* Activity: Return only the lines of the data below from the line with "Рисунок 3. Сферы" up to and including the line with "(Korunoğlu Camii,)", exactly as written, with the pictures omitted.

* Data:

==*==

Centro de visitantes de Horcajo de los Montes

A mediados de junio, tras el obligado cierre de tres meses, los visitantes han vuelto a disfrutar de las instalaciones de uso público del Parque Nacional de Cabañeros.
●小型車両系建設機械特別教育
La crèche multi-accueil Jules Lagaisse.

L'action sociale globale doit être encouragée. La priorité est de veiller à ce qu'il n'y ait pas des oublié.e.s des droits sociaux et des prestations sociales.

==*==

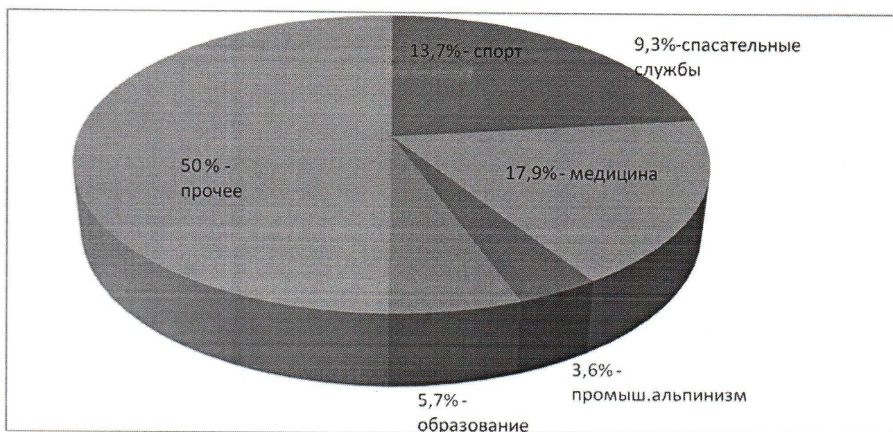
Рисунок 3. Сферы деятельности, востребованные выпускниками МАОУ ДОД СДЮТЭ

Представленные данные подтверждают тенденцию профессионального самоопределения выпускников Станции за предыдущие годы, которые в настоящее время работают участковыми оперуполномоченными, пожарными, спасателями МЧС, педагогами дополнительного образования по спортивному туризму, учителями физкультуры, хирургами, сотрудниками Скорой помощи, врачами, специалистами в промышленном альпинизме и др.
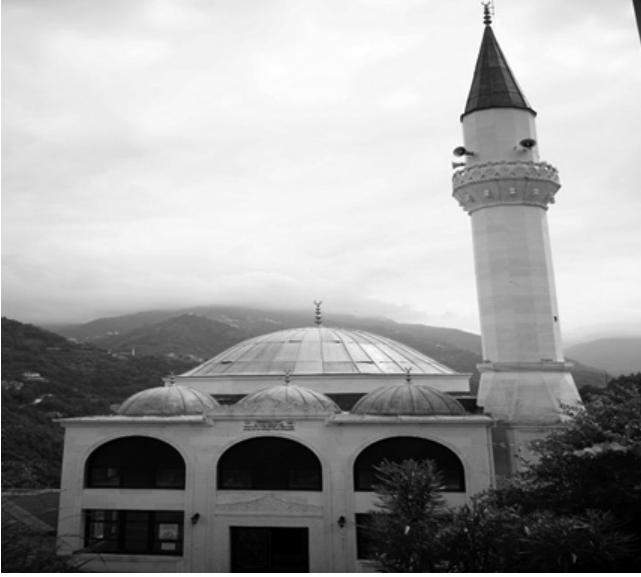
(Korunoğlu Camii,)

==*==

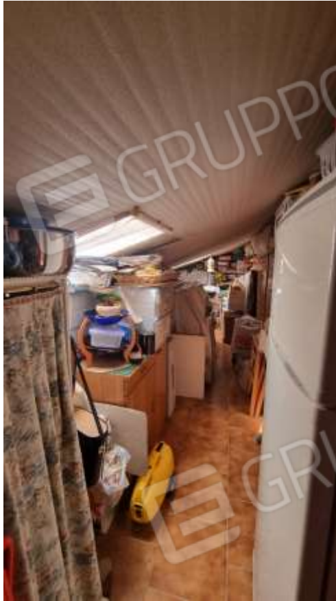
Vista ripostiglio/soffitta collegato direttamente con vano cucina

==*==

* Output below:
Рисунок 3. Сферы деятельности, востребованные выпускниками МАОУ ДОД СДЮТЭ

Представленные данные подтверждают тенденцию профессионального самоопределения выпускников Станции за предыдущие годы, которые в настоящее время работают участковыми оперуполномоченными, пожарными, спасателями МЧС, педагогами дополнительного образования по спортивному туризму, учителями физкультуры, хирургами, сотрудниками Скорой помощи, врачами, специалистами в промышленном альпинизме и др.
(Korunoğlu Camii,)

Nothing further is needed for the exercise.